This had the potential to make a person quite angry and doubly so for me since this was my mistake from the very beginning and all I could think about were all the other riders who made the same mistake. However, and this is where the story takes a twist, I was not angry at all (at least for my 200 miles and 5 hours; can’t really speak for the other 74 riders); I did not see the 200 miles as wasted at all.  I had just ridden through the southern part of Bighorn National Forest and while doing so saw the most spectacular scenery available in that area.  In fact, I got to see it twice; from both directions.


A Quick View of Bighorn Mountain Pass


We all make mistakes and often they are self-inflicted.
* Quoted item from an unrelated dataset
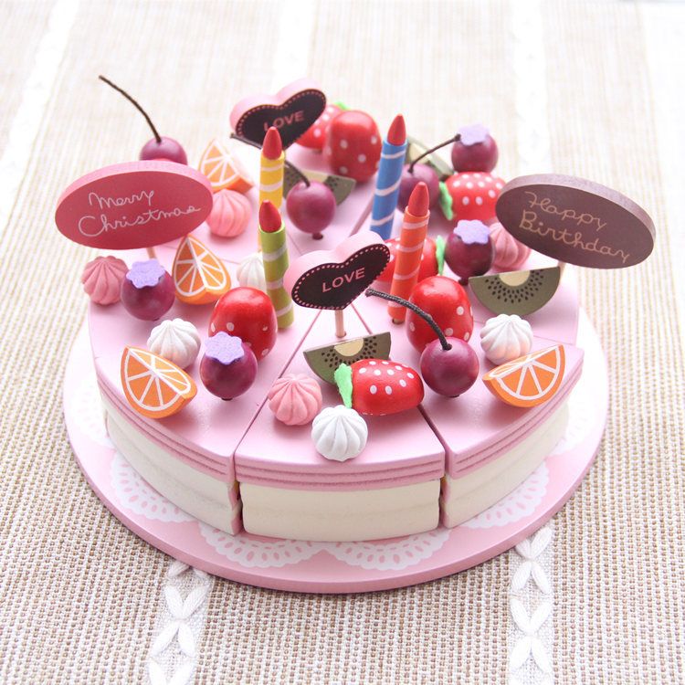 wooden play birthday cake

In this instance my mistake affected me and virtually every rider participating in the 2016 Hoka Hey Challenge.  Many riders made the same mistake at that intersection and each one had me to blame for the extra miles, extra hours, wasted gas and added misery of freezing temperatures at the top of that mountain pass.  But, and this is the part I really want to convey to you, not a single rider I spoke with who made that mistake was angry at me; even though they knew it was my mistake.  Each one I spoke with enjoyed the ride and felt the same way I did about seeing a part of the country they would have missed had they not made the mistake.  I doubt they would have felt the same way had my mistake taken them an extra 200 mile off course in Death Valley; that’s just an assumption on my part.  I can’t speak for those I did not talk to as I am sure there may be some lying in wait to rain pain upon my body at the first opportunity and, in truth, it would be justified; so long as the injury had no long term affects.  And I also doubt those who made the mistake at night appreciated the opportunity provided by the extra 200 miles.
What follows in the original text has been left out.